Revista Española del Tercer Sector

Las formas elementales de la pobreza

Víctor Renes .

 

Serge Paugam, S (2007): Las formas elementales de la pobreza, Alianza Editorial. Madrid 2007

"La cuestión fundamental que debe plantearse el sociólogo es muy simple: qué es lo que hace que un pobre en una sociedad determinada sea pobre y nada más que pobre?. Dicho de otra forma, ¿en qué consiste el estatus social de pobre?" (pág. 18).

La cuestión fundamental que se pregunta S. Paugam no está referida a la cuestión de los indicadores estadísticos, que supone una preocupación constante para el estudio de las nuevas formas de pobreza; tanto más si tenemos en cuenta la evolución habida en este campo dada la no convertibilidad de todas las formas de exclusión al concepto de pobreza económica. Según el autor esto, que para el sentido común puede suponer una premisa, puede suponer para el sociólogo un obstáculo epistemológico que oculte la pregunta "sobre el sentido mismo de la pobreza". Eso no significa que los indicadores estadísticos no puedan ser útiles. Sin embargo, responder a la cuestión planteada exige no quedar limitados a este enfoque.

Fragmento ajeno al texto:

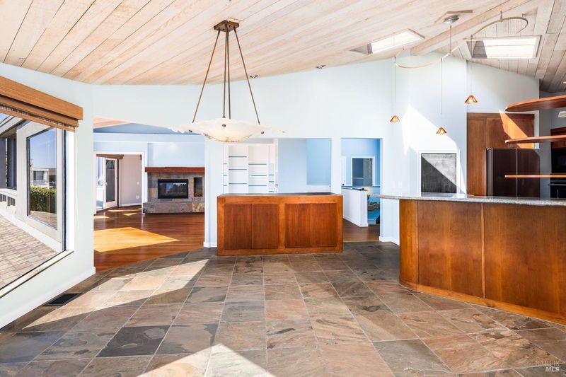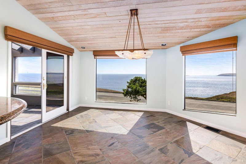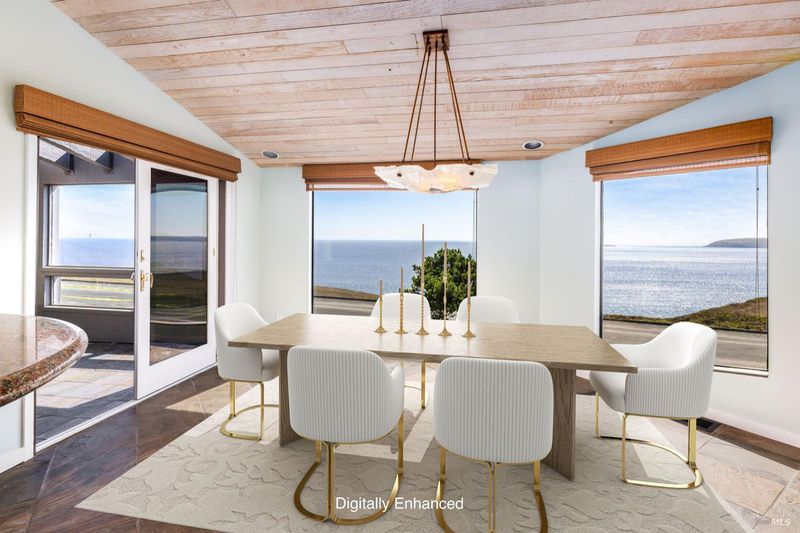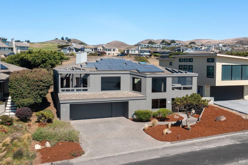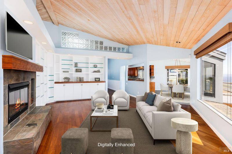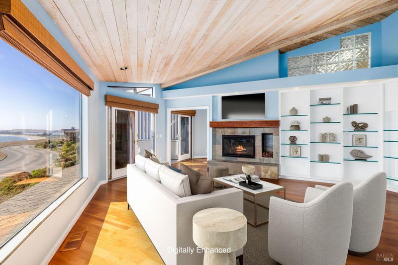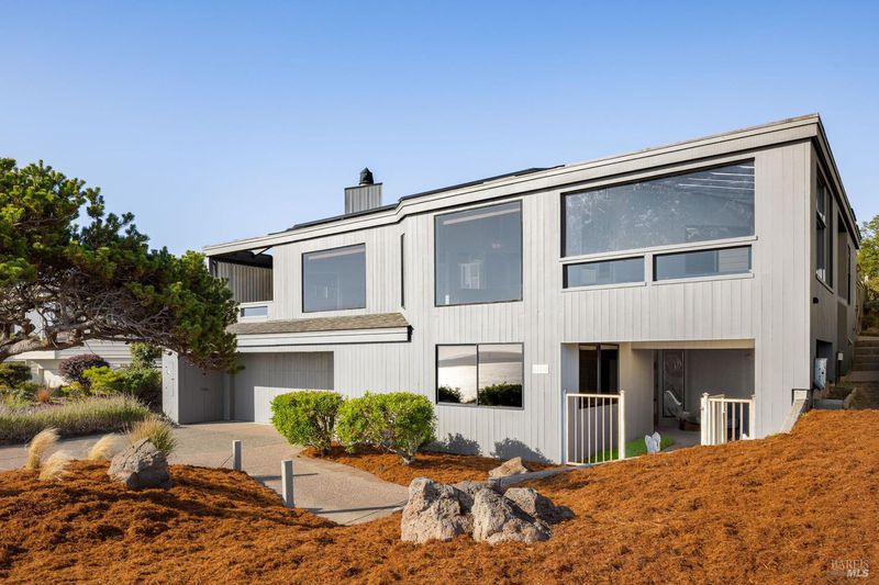 This custom contemporary home enjoys an enviable oceanfront location. Indulge in incredible panoramic views showcasing the Pacific and bay, Bodega Head, Seal Rock, and the distant Marin landmarks of Tomales Point and Point Reyes. Ascend a skylighted staircase to a light-filled and spacious living area. A double-sided wood-burning fireplace is shared by the living room and den. The culinary center will satisfy the pursuits of the resident gourmand with space to create and invite others to participate. Oversized windows frame captivating vistas. Two view balconies provide an opportunity to step into nature to stargaze or listen to waves crashing on the beach below. Tucked away in a quiet corner, the primary bedroom with bath en suite has access to a stone patio and is just steps from the spa tub. In an opposite corner is a guest bedroom and a full guest bath. The third bedroom on the lower entry level would comfortably accommodate a home office, gym or media center. An additional full bath, in-room laundry and two-car garage complete the lower level. This impressive abode enjoys access to the clubhouse and pro shop of this golf community which offers amenities that include a restaurant and bar, exercise room, sauna, heated pool, tennis, bocce, basketball, and beach trails.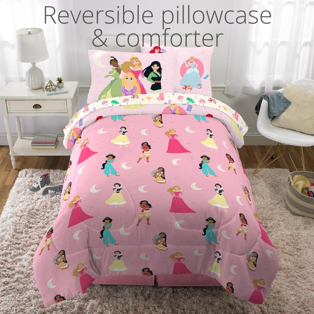 Add some "Snowflake Magic" to her bedroom with this animated Frozen 2 bedding set. Young fans of Anna and Elsa will love cuddling up with their favorite Disney sisters as they dream of fun and adventure. This high-quality microfiber set includes a comforter, fitted sheet, flat sheet, pillowcase(s), and pillow sham(s). One side of the reversible comforter features a soft purple background with bold images of Elsa and Anna while the other features Elsa and Olaf on a soft blue background. Coordinating colors and imagery on the sheets, pillowcase(s), and pillow sham(s) help create a cohesive look to complete any Frozen 2 fan’s bedroom. The new animated Disney feature Frozen 2 takes Elsa and Anna fans on another adventure with the same positive messages of love and sisterhood. Now you can bring the magic home by creating a fun Frozen themed bedroom with this high-quality bedding set. Set is available in a twin size 5 piece bedding set or a full size 7 piece bedding set.

Quizá no sea esta cuestión la más novedosa que S. Paugam nos propone en este libro. Pero puede ser la más importante para el actual debate y la comprensión de las formas de pobreza en nuestras sociedades. Quizá no la más novedosa pues ya desde 1987 Paugam elaboró el concepto de descalificación social para dar cuenta del nuevo estatuto de la pobreza en nuestras sociedades. Ahora bien, es en este libro donde el autor entiende que ha llegado el momento en el que se puede contrastar esa hipótesis. Lo que da al libro una estructura en dos partes. En la primera nos hace su propuesta sobre cómo entender el estatus de pobre, y con la toma de autoconciencia del propio Paugam de si las hipótesis que ha venido elaborando a lo largo de su trayectoria investigadora tenían suficiente consistencia para poder servir de comprensión del análisis que nos propone en la segunda parte. En la segunda parte, da cuenta de las investigaciones que ha realizado desde una perspectiva internacional, y retroalimenta la comprensión de la sociología de la pobreza que sintetiza en esos primeros capítulos.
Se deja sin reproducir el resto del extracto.